Whoops, I didn't realise (didn't think to check) that this was a semi-necroed thread, and this is probably not relevant 4 pages down from the original reply I made, anyway... Still, here you are.I'd like to go ahead and request a crawling domain, so that entities can stick to walls like an insect. Oh yeah, and a configurable domain for jumping (flying short distances) several tiles.
Something I've mentioned in previous pathfinding threads is an extension of this... Limited-resource using paths. e.g., goblin squad comes on-screen with five ladders. Can they find the best path that has no more than five 'use ladder' steps? (Perhaps for bridging, as well as climbing.) Merely using ladders at the first opportunity, along the various branches of the search tree, may not be as optimal as retaining the ladder (making a short detour around the obstacle) until it is useful to provide a much more vastly profitable short-cut (or even the only possible access opportunity) shortly thereafter.
This complicates the pathfinding algorithm, requiring an additional 'dimensionality' to the search-tree, with "n ladders left" (in this particular example, as it could include other used-as-resource items) branches 'overlapping' the same 3D space[1]. Perhaps less intrinsically complicated is an AI behaviour that allows emplacement of bridging-resources (temporary pathabilities) and then removal of same once the last unit is across, for re-use later on, but it requires a coordination of unit AIs (or at least an assumption of this, in the original path-finding, to be fulfilled as far as local conditions eventually allow).
Less controversially, in the multi-mode connectivity map, future possibilities of the presence of 'sappers' in a unit should allow (at a movement cost, at least insofar as time) pathing through solid rock (or at least soil), and building (or construction!) destroyers having a similar possibly biased-against possibility of pathing through other 'solid' areas. But while this, also, should also be something to
consider when designing the pathing from ground up, it of course does not apply to the current incarnation, so you may wish to hand-wave it away (or consider it, and reject it, in the initial write-up of the problem description)
Certainly, compared to these other examples, a connectivity map containing maps with "up to two 1 Z's climbed up, up to 2 Z's jumped down, and the ability to leap 1Z-wide channels/gaps", or however many can be done
in a single move, is not overly complicated.

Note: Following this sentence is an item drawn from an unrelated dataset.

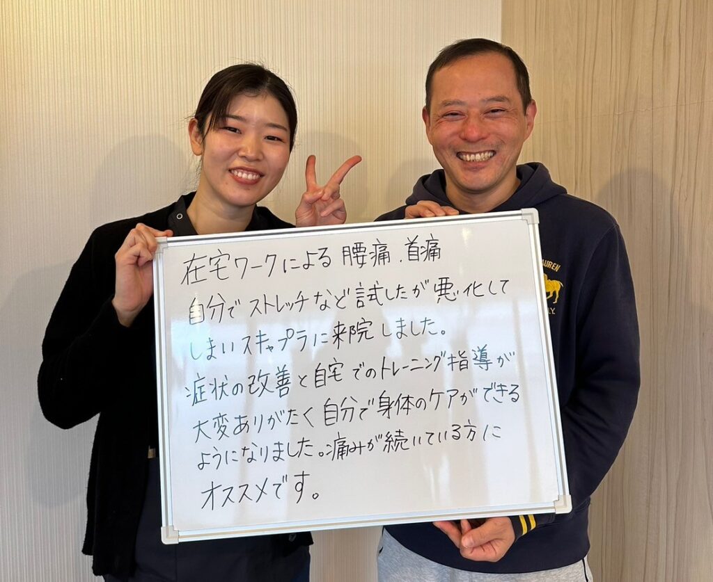在宅ワークによる腰痛、首痛を自分でストレッチなど試しましたが、より悪化してしまいこちらに来院しました。
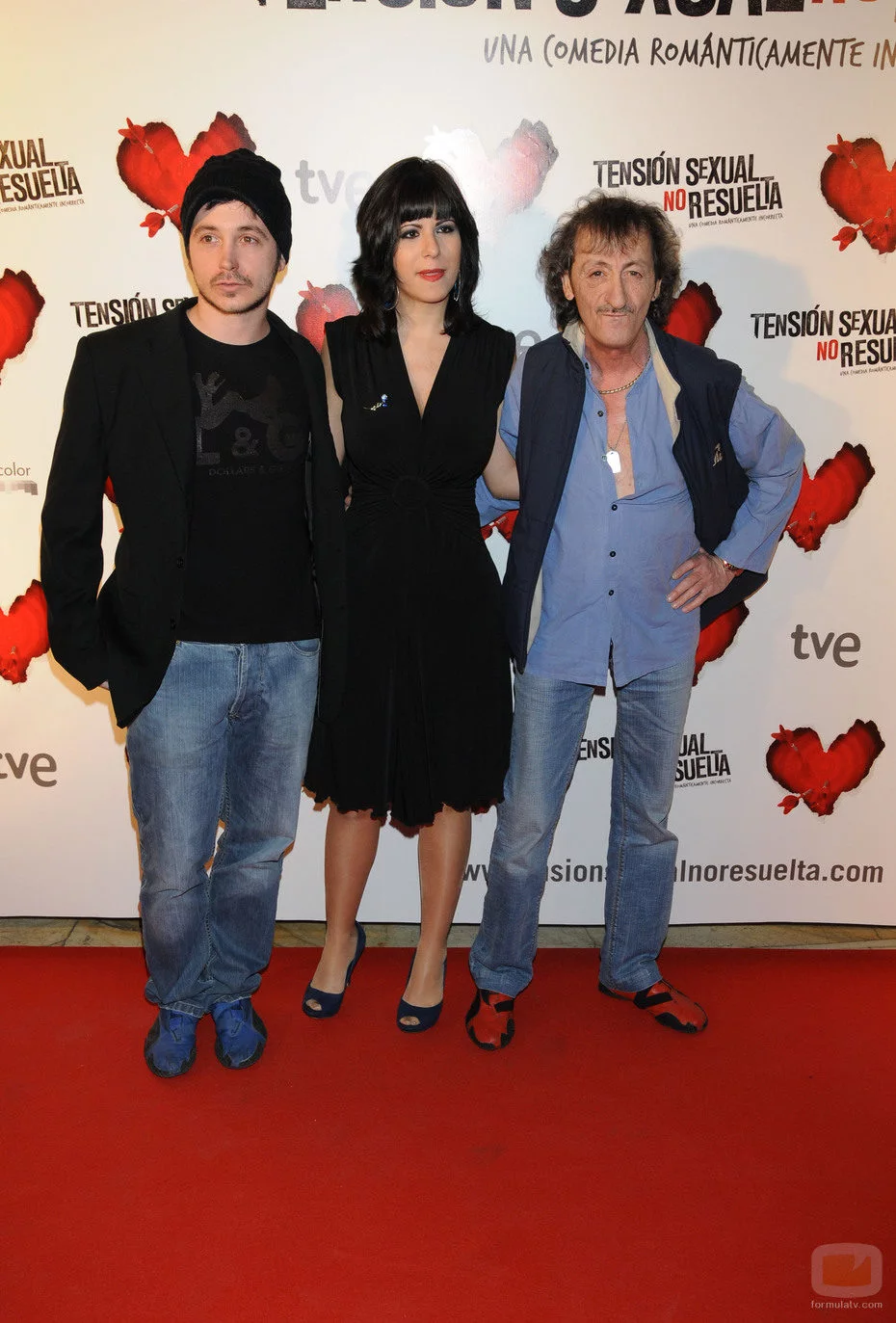 El actor Eduardo Gómez con su novia, Jessica, 38 años menor que él, y su hijo, en la première de 'Tensión sexual no resuelta'.

But if that linked-to thread is not the one of the ones in which I already mention all of this, I'm sure the various other threads can be found, as well. For inspiration, only, as there's always a lot of different interpretation and ideas, in those, not all of which might be considered useful to you.
[1] You don't just forget that a tile is reached in 16 steps if an alternate path is found that reaches it in 8 steps. If the former used one of the expendable 'bridges' and the latter used two of them, you'd have to retain both figures until you knew whether the lack/availability of the final bridge invalidated/validated an optimal path further down the lane.